For an unknown reason, even if I specify overwrite_keys: true, the message is not being overwritten.

When using it with the above code, I'm having this in the message field:
[INFO][pulp.agent.b3421482-750d-4125-8226-d5e52ea060ca] gofer.messaging.adapter.connect:30 - connected: proton+amqps://satellite6.sti.usherbrooke.ca:5647 #remotelogmessage#

I was able to confirm this by using another field name in the tokenizer settings. When replacing the tokenizer field by grostata instead of message like:

  - dissect:
      when:
        regexp:
          message: '^.*\s#remotelogmessage#\shost_ip:.*$'
      tokenizer: "%{[grostata]} #remotelogmessage# host_ip:%{[host][ip]}"
      field: "message"
      overwrite_keys: true
      target_prefix: ""

The field grostata will contain exactly what I want:
[INFO][pulp.agent.b3421482-750d-4125-8226-d5e52ea060ca] gofer.messaging.adapter.connect:30 - connected: proton+amqps://satellite6.sti.usherbrooke.ca:5647

...which is removing a special tag I'm using for other purpose (#remotelogmessage#).

So, this proves that my regex is working fine. At first, I thought it was wrong, but I later noticed that the key wasn’t being overwritten.

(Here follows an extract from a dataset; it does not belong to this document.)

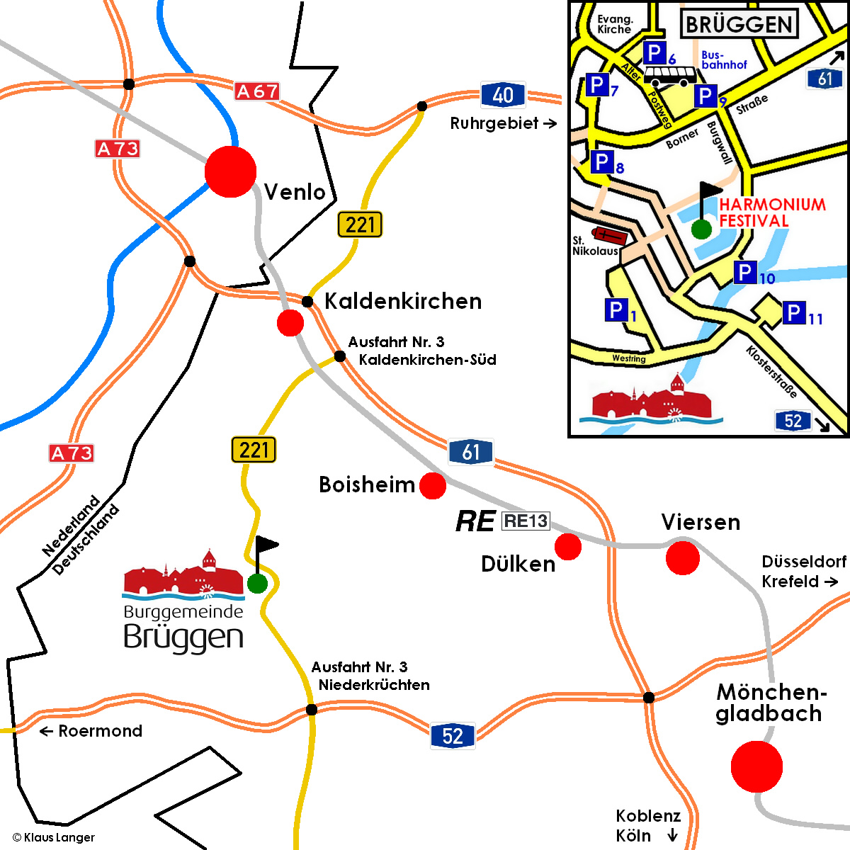 Your way to Brüggen situated in the North Rhine and Maas area may be the most important information you will need. Just take a look at the road map down below or get your own PDF-file copy of it right here. The more detailed village centre view leads you straight to the castle where the 4th European Harmonium Festival takes place. | |||||||

As soon as I put back message instead of grostata, the tag #remotelogmessage# will be present into message field.

Is there anyone have an idea on this issue?

Thank you all and Best Regards,
Yanick

Dear all,

I found something interesting, but I don't have any explanation for the behaviour.

I was able to make the field message being overwritten. But to explain this correctly, I need to share more parts of my filebeat.yml configuration.

Here is a section for a specific filestream:

######################
# STI LOGS - MESSAGES
######################
- type: filestream

  # Change to true to enable this input configuration.
  enabled: true

  id: "sti-messages"

  # Paths that should be crawled and fetched. Glob based paths.
  paths:
    - /var/log/remote/*-messages.log

  tags: ["STI","system","remotelogmessage"]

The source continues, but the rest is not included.